Use case for per-protocol icons

Ethan Blanton elb at pidgin.im
Mon Aug 6 22:10:49 EDT 2007


Josh Williams spake unto us the following wisdom:
> On 8/6/07, Ethan Blanton <elb at pidgin.im> wrote:
> > You are asking for a "feature" which is 100% _less optimal_ than what
> > we are proposing.  There may be rough edges on the current UI (I don't
> > know, I don't use, for example, MSN chat, which appears to be what
> > you're talking about), but this is no reason to throw the baby out
> > with the bathwater.
> 
> How is this "_less optimal_"? The *only* difference is the icon. We
> can have both the icon _and_ your system in the same UI.
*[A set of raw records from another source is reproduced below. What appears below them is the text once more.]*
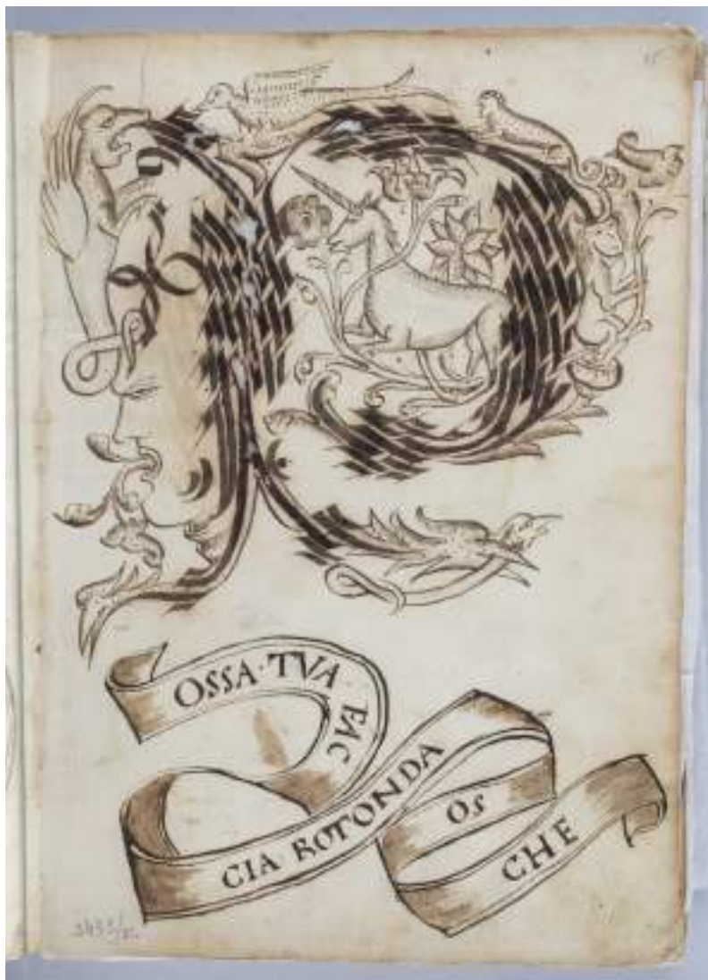
5. Iniziale "P" in inchiostro nero con un unicorno e altri ibridi zoomorfi, da un quaderno con lettere e alfabeti figurati e ornati, noto come Libro di lettere astrologiche , prima metà del XVI secolo. Torino, Palazzo Madama - Museo Civico d'Arte Antica, inv. 3433/DS

ha aiutato l'organizzazione di questo "cantiere" perché è stato possibile allestire una sorta di sala studio/gabinetto fotografico in Deposito Ceramiche, un ambiente solitamente aperto al pubblico, ma subito chiuso a marzo 2020 per problemi di accessibilità (passaggi troppo stretti che impedivano il distanziamento tra i visitatori). Il primo intervento ha quindi riguardato l'inserimento dei ritagli in cartelline non acide realizzate da Bottega Fagnola, a loro volta raccolte in scatole di cartone omogenee a quelle già contenenti i codici. Ha preso quindi l'avvio la campagna fotografica sistematica dei manoscritti e delle miniature ritagliate, a cura di Paolo Giagheddu, fotografo afferente al personale tecnico dell'Università di Torino, coadiuvato da Alessia Marzo, studiosa di miniatura medievale, dottore di ricerca del medesimo Ateneo e beneficiaria di una borsa di ricerca da Fondazione CRT per questo pro-
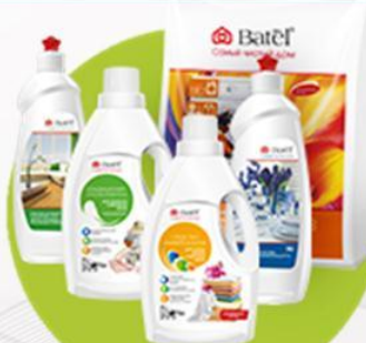
Средства для дома
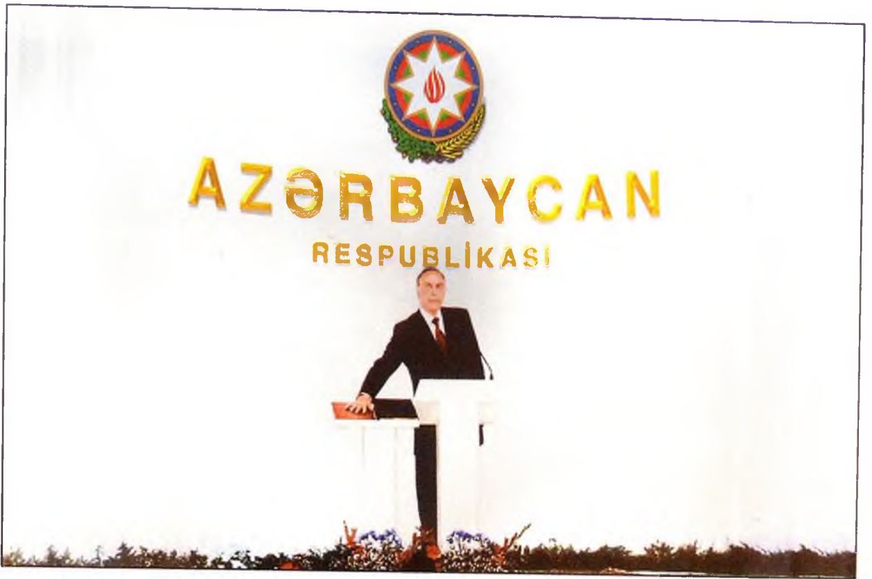
Azərbaycan prezidenti Heydər Əliyevin andiçmə mərasimi. 1998-ci il
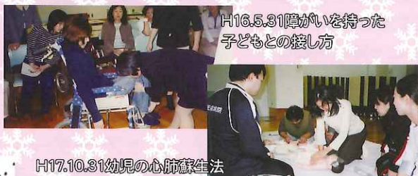
H16.5.31障がいを持った子どもとの接し方
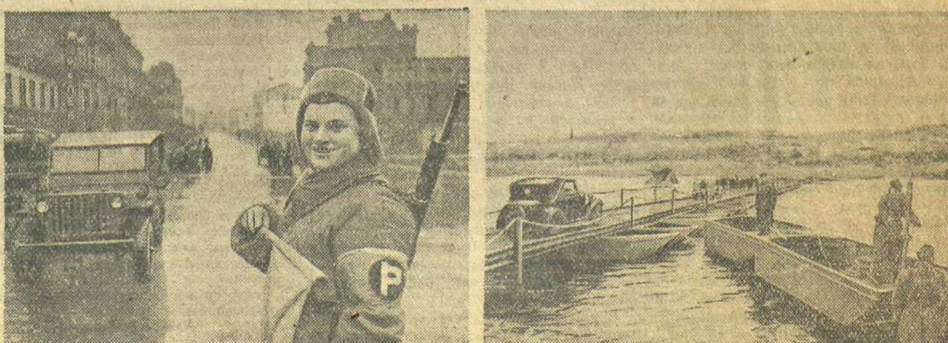
СЕГОДНЯ В КИЕВЕ. На снимках: 1. На улице Крещатик. 2. На мосту, введенном нашими понтонерами через Днепр. Снимки нашего спец. фотокоор. капитана А. Капустанского.
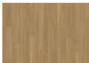
XPRESSION Golden Oak
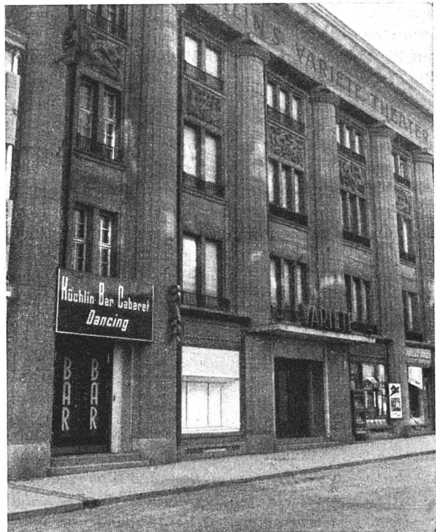
— und der Ort des Vergnügens
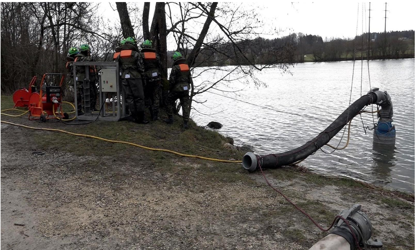
Wasserpumpe Förderung 10`000 Liter pro Minute
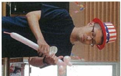
クラウン白玉(職員) ブルーシート
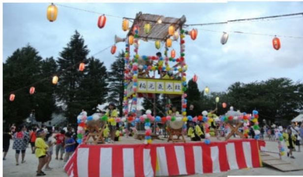
※場内の配置は変更になる場合があります。
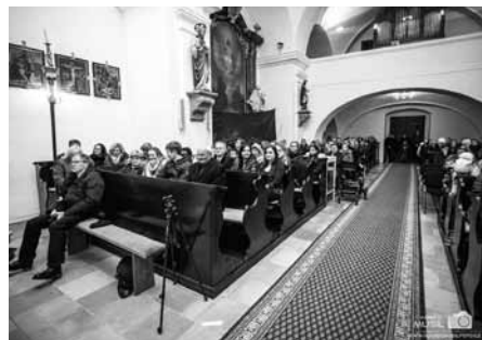
Zájem široké veřejnosti o pomoc nemocné Sárince potvrdila do posledního místečka zaplněná loď velkopavlovického kostela. Děkujeme!

Na závěr bych rád konstatoval, že takových akcí není nikdy dost a jsem rád, že se najdou ochotní lidé na dobré věci spolupracovat a i v této uspěchané době pomoci potřebným. Ono nikdy nevíte, kdy pomoc

The icon is 1) distracting, nonintuitive clutter, and 2) encouraging
poor usage habits and discouraging improvements to the interface,
thereby.

> > I don't know who would have told you this; we have stated on *many*
> > occasions that both the buddy list and the conversation can
> > _trivially_ be decorated with an icon through the plugin interface.
> 
> I think the issue we're debating is what the _default_ interface is,
> with no plugins, hacks, or themes.  Perhaps we should asking ourselves
> this: Do we want everyone who uses Pidgin for the first time to have a
> bad experience?

"Everyone" does not think it's a bad experience.  The people in the
"bring back protocol icons" camp *really* need to get this through
their heads -- we're talking about a small number of people, here, who
really want protocol icons and have not either found the New Way
superior or never noticed in the first place.  (Note that most single
account users fall into the latter category.)
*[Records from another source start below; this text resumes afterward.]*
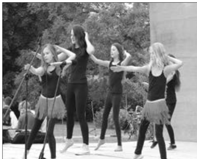
Vystoupení děvčat z Klubka při Staroměstském dnu, který se uskutečnil 21. června v areálu SOŠ a Gymnázia Staré Město.

Kurz masáží miminek vedené odbornou fyzioterapeutkou. S sebou: přezůvky a nepropustnou podložku pod miminko. Vstupné: 70,- Kč
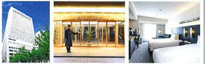
外観 エントランス スタンダードツイン
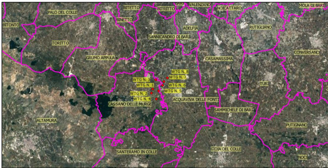
Fig. - Inquadramento Impianto su scala ampia

L'impianto in scala ampia è posizionato come indicato nella seguente ortofoto.
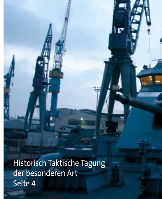
Historisch Taktische Tagung der besonderen Art Seite 4
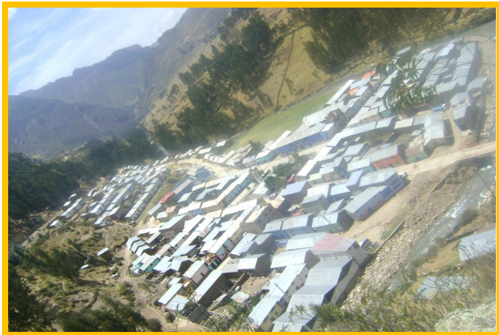
Imagen: Imagen panorámica del Centro Poblado de Chinche.
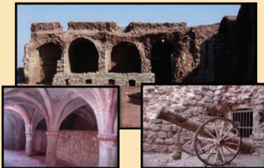
شکل ۷-۴ - قلعه پرتغالی‌ها در جزیره هرمز

قلعه پرتغالی‌ها در ضلع شمالی جزیره هرمز و در ساحل دریا قرار دارد که مهم‌ترین قلعه باقی مانده از روزگار تسلط پرتغالی‌ها بر سواحل جزایر خلیج فارس است. این قلعه که به فرمان آلفونسو آلبوکرک دریانورد پرتغالی در سال ۱۵۰۷ میلادی، در محلی موسوم به مورنا احداث شده، به لحاظ ساختار این قلعه به شکل چند ضلعی نامنظم است و از بنای بسیار محکمی برخوردار است. این بنا دیوارهایی به قطر ۵/۳ متر با چند برج به ارتفاع ۱۲ متر دارد و تأسیسات آن شامل انبارهای تسلیحات، آب انبار و اتاق‌هایی با سقف هلالی است. در زمان شاه عباس که به استعمار پرتغالی‌ها در ایران خاتمه داده شد، این قلعه به دست امام قلی خان از سرداران شاه عباس فتح گردید.
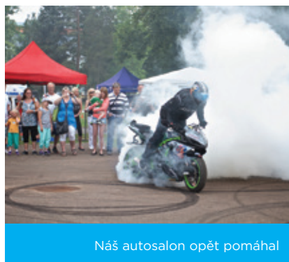
Náš autosalon opět pomáhal

Další výraznou součástí H2Ódy na Radost se stal prodej balených vod Estian, které sponzorsky poskytla firma Šumavský pramen. Obyvatelé a návštěvníci Plzeňského kraje si je mohli v letech 2014 a 2015 zakoupit na mnoha různých místech a akcích (např. Plzeňské farmářské trhy).
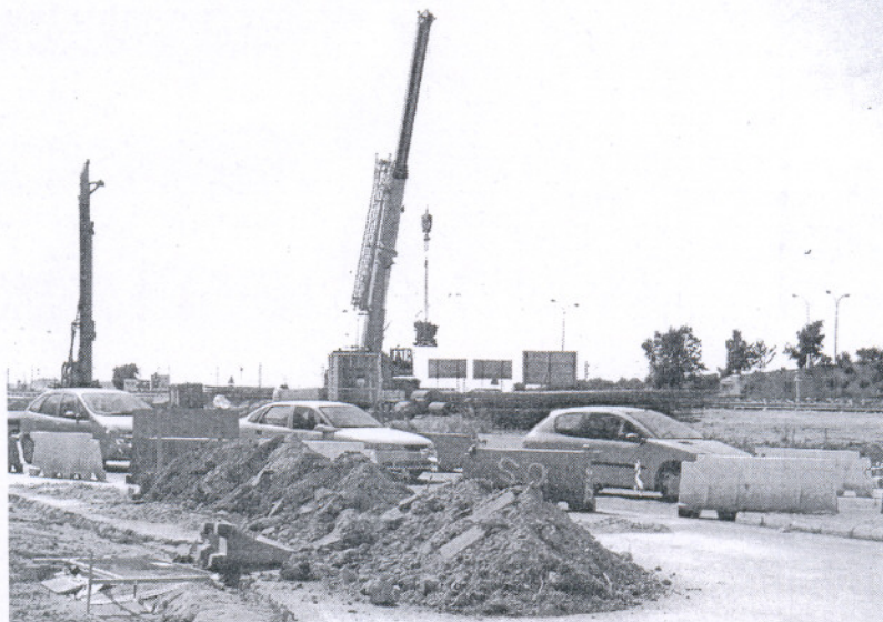
El tren metropolitano entre San Fernando y Chiclana se incluye entre unas medidas que se suponen "de choque".

Así las cosas, será difícil concienciar a los gaditanos de que se ha tenido en cuenta a la provincia cuando las "iniciativas" ante la crisis se
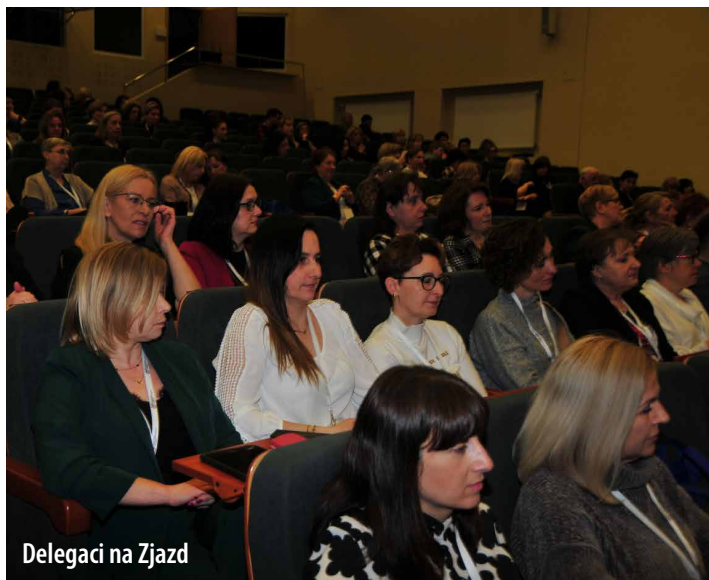
Delegaci na Zjazd
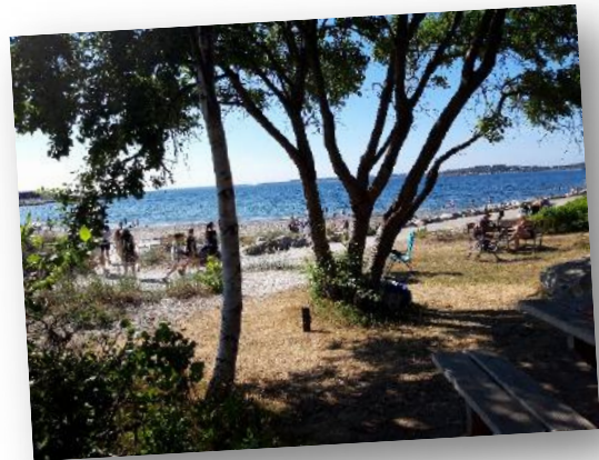
Västkusten i Frillesås, Halland.

> > This is, again, documented on this list and in the bug tracker, as
> > well as having been discussed on multiple occasions on IRC and in the
> > jabber conference.
> 
> IE6 has an addon for tabs. Does that mean I should start using it?

That depends -- do you want tabs in IE6?

> > We have reworded, restated, copied and pasted, blogged about,
> > documented on the wiki, and discussed our reasons times beyond number.
> > I fail to see why you think your specific case merits Yet Another
> > Explanation; we really *have* done our due diligence, here.  I fear
> > I'm encouraging bad behavior with even the explanation I gave above.
> 
> I have been keeping up on these issues since Pidgin 2 was first
> released. I was in the IRC channel while they were releasing it, and
> not two hours after they left the channel, several people joined to
> complain about the ambiguous icons.
> 
> Yes, you have reworded, restated, copied and pasted, blogged about,
> and documented in the wiki _many_ times, but basically what you're
> saying is that you do not care what the users want. (Which is why I'm
> working on a QT fork atm.)

A few users, not by any means the majority, or possibly even a
significant minority.

Any QT interface would *not* be a fork, it would simply be yet another
interface to libpurple -- which we wholeheartedly endorse.  If you're
forking to achieve this, then I'll tell you two things up front:
you're wasting a lot of time, and you're doomed to failure.  The
former is simply true, the latter is just an educated guess based on
the dozens of dead Gaim forks from the past.  See the 0.60 era for
examples.  (Would you believe that people just like you, with the same
tired arguments, lobbied for things as bizarre as a reversion to Gtk
1.x?)

> > We are *not* ignoring the problem here, and nor are we ignoring the
> > specific complaints.  We've just heard it all before, and it saves
> > everyone's time if the complainants can brush up on their history
> > before accusing us of malpractice.
> 
> Or, maybe, after the 10th thousand complaint, you'll finally go back
> to the UI people preferred. I have many users on my network who have
> specifically requested Gaim 2 beta 6 to be installed instead of Pidgin
> for these specific UI issues we've been discussing (not just the
> icons).

It's too bad that you're not showing them contacts or the new
mechanisms put in place to solve the problems they had before, which
they unfortunately had to solve with protocol awareness.  Maybe a
future administrator will help them out.

> > One last time ... if you have anything _new_ to bring to the table,
> > let us have it.
> 
> No, we don't _want_ something new. We just want this particular part
> of the UI to be the way it *used* to be. You still have not given us
> any reason that the green icon is _better_, except that you think it
> looks nicer to have all the protocols to look the same. But there's
> one problem with that theology; the protocols are _different_. They
> all have unique things about them, so we'd like to be able to just
> glance at the handy-dandy icon to see which protocol we're using.
> That's all, plain and simple.

Users shouldn't have to know that they're different, and that's the
part you (and yours) don't seem to get.  We're pushing in that
direction, and, I think, making progress.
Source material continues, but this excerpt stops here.